In Morocco eBook

This eBook from the Gutenberg Project consists of approximately 173 pages of information about In Morocco.

In Morocco eBook

This eBook from the Gutenberg Project consists of approximately 173 pages of information about In Morocco.

At the suggestion of the municipal officials we mounted the stairs and looked down on the packed square.  There can be no more Oriental sight this side of the Atlas and the Sahara.  The square is surrounded by low mud-houses, fondaks, cafes, and the like.  In one corner, near the archway leading into the souks, is the fruit-market, where the red-gold branches of unripe dates[A] for animal fodder are piled up in great stacks, and dozens of donkeys are coming and going, their panniers laden with fruits and vegetables which are being heaped on the ground in gorgeous pyramids:  purple egg-plants, melons, cucumbers, bright orange pumpkins, mauve and pink and violet onions, rusty crimson pomegranates and the gold grapes of Sefrou and Sale, all mingled with fresh green sheaves of mint and wormwood.

[Footnote A:  Dates do not ripen in Morocco.]

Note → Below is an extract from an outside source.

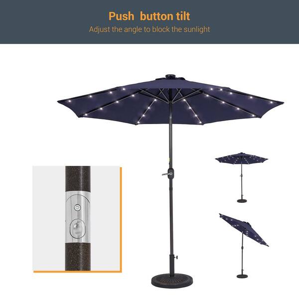9 ft. Solar LED Market Patio Umbrellas with Solar Lights Tilt Button in Azure Blue

[Illustration:  From a photograph from “France-Maroc"

Marrakech—­a fondak]

In the middle of the square sit the story-tellers’ turbaned audiences.  Beyond these are the humbler crowds about the wild-ringleted snake-charmers with their epileptic gestures and hissing incantations, and farther off, in the densest circle of all, we could just discern the shaved heads and waving surpliced arms of the dancing-boys.  Under an archway near by an important personage in white muslin, mounted on a handsome mule and surrounded by his attendants, sat with motionless face and narrowed eyes gravely following the movements of the dancers.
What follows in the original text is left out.